To compensate for the different amounts of illumination of scenes captured at different times of day, or at different latitudes or seasons, image analysts may divide values measured in one band by values in another band, or they may apply mathematical functions that normalize reflectance values. Such functions are determined by the distance between the earth and the sun and the altitude of the sun above the horizon at a given location, time of day, and time of year. To make the corrections, analysts depend on metadata that includes the location, date, and time at which a particular scene was captured.

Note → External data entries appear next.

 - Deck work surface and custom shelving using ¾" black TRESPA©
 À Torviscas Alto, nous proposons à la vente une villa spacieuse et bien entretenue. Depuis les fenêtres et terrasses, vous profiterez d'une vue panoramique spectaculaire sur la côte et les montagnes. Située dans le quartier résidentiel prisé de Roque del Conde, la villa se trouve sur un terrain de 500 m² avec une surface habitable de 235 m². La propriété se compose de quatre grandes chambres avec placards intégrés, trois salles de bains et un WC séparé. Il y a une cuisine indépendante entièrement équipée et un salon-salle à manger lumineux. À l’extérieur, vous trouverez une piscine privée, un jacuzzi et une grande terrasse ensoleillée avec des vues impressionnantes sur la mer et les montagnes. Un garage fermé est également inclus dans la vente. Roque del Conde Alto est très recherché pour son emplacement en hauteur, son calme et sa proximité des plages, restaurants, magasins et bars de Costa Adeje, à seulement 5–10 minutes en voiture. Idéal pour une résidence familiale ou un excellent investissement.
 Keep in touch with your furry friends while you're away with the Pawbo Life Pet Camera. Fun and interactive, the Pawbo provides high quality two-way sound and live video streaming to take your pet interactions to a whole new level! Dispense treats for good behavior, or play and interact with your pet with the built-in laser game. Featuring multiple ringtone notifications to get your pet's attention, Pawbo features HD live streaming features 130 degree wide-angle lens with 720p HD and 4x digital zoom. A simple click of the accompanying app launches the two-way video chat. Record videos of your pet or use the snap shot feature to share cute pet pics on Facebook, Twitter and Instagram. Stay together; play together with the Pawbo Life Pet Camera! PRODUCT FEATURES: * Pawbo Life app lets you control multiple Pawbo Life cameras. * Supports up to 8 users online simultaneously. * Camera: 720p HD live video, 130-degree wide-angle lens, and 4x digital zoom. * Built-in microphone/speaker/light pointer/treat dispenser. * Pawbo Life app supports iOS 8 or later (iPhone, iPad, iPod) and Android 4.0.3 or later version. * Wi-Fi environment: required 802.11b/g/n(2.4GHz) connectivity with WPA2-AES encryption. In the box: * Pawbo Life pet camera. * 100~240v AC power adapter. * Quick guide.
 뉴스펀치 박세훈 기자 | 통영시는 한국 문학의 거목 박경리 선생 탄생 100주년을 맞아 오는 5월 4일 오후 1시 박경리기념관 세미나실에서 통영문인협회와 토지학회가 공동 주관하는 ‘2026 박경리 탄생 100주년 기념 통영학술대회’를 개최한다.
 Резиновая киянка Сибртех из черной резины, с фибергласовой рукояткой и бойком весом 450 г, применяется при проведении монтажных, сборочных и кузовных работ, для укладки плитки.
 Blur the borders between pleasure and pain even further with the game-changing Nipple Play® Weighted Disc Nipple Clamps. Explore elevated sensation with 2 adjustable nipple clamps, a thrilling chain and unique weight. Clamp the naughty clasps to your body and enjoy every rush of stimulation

In addition to radiometric correction, there is a need for images to be geometrically corrected. Geometric correction and orthorectification are two methods for converting imagery into geographically-accurate information. Geometric correction is applied to satellite imagery to remove terrain related distortion and earth movement based on a limited set of information. In contrast, orthorectification uses precise sensor information, orbital parameters, ground control points, and elevation to precisely align the image to a surface model or datum. At the end of this chapter, you will read more about orthorectification as it relates to aerial imagery.

7.4.2 Image Enhancement

Correction techniques are routinely used to resolve geometric, radiometric, and other problems found in raw remotely sensed data. Another family of image processing techniques is used to make image data easier to interpret. These so-called image enhancement techniques include contrast stretching, edge enhancement, and deriving new data by calculating differences, ratios, or other quantities from reflectance values in two or more bands, among many others. This section considers briefly two common enhancement techniques: contrast stretching and derived data. Later, you'll learn how vegetation indices derived from two bands of AVHRR imagery are used to monitor vegetation growth at a global scale.

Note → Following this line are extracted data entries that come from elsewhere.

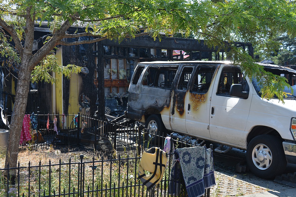 The fire was kept away from bedrooms and the basement of the residence. A vehicle parked near the garage was damaged.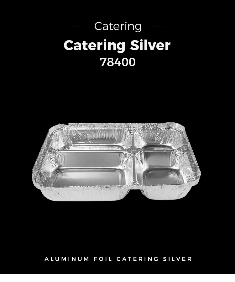 • Engångsuppfald av multi-fack Snabbmat silver aluminiumfoliebehållareEngångsuppfald av multi-fack Snabbmat silver aluminiumfoliebehållare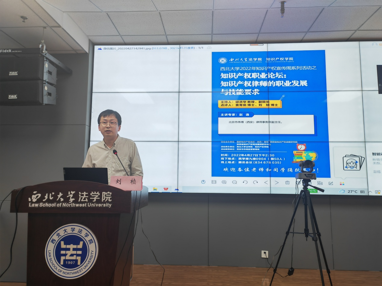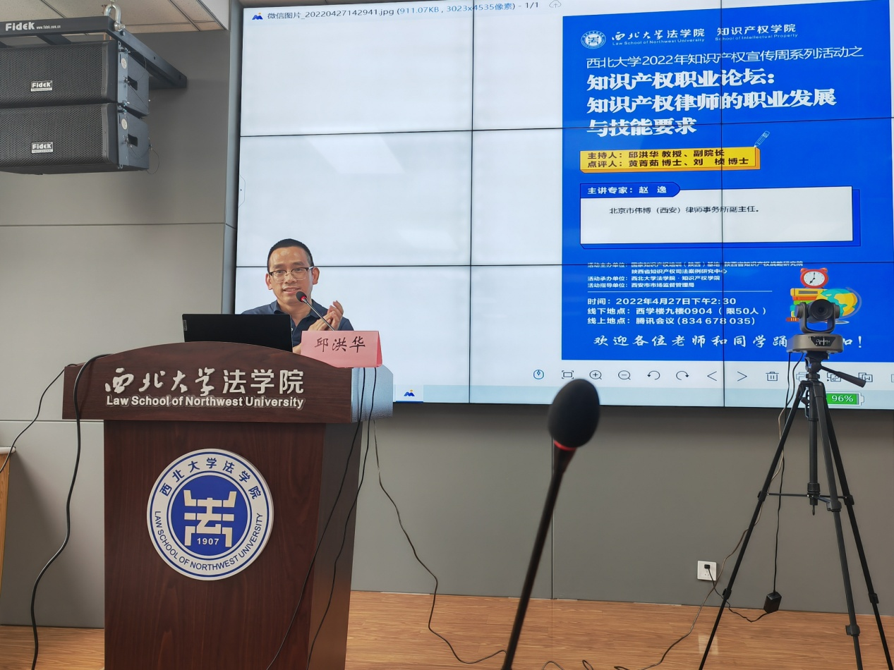 4月27日,永利集团2022年知识产权宣传周系列活动之一“知识产权律师的职业发展与技能要求职业论坛”在线上腾讯会议与线下西学楼0904报告厅同步举行。此次论坛由国家知识产权培训(陕西)基地、陕西省知识产权战略研究院以及陕西省知识产权司法案例研究中心共同主办。论坛由77779193永利官网集团·知识产权学院副院长邱洪华教授主持,邀请了北京市伟博(西安)律师事务所副主任赵逸老师作为本次论坛的主讲嘉宾,并由刘桢老师作为论坛的点评人。来自77779193永利官网集团·知识产权学院的本科生和研究生共计50余人参加了本次论坛。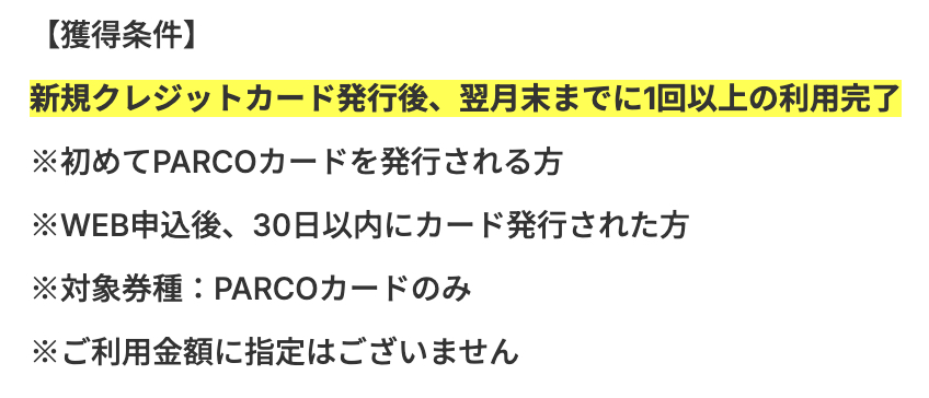 まず、ポイント獲得条件ですが、新規カードの発券&カード受取+翌月末までに1回以上の利用完了となっています。

Consider the pair of images shown side by side below. Although both were produced from the same Landsat MSS data, you will notice that the image on the left is considerably dimmer than the one on the right. The difference is a result of contrast stretching. As you recall, Landsat data have a precision of 8 bits, that is, reflectance values are encoded as 256 intensity levels. As is often the case, reflectance in the near-infrared band of the scene partially shown below include an intensity range of only 30 to 80 in the raw image data. This limited range results in an image that lacks contrast and, consequently, appears dim. The image on the right shows the effect of stretching the range of reflectance values in the near-infrared band from 30-80 to 0-255, and then similarly stretching the visible green and visible red bands. As you can see, the contrast-stretched image is brighter and clearer.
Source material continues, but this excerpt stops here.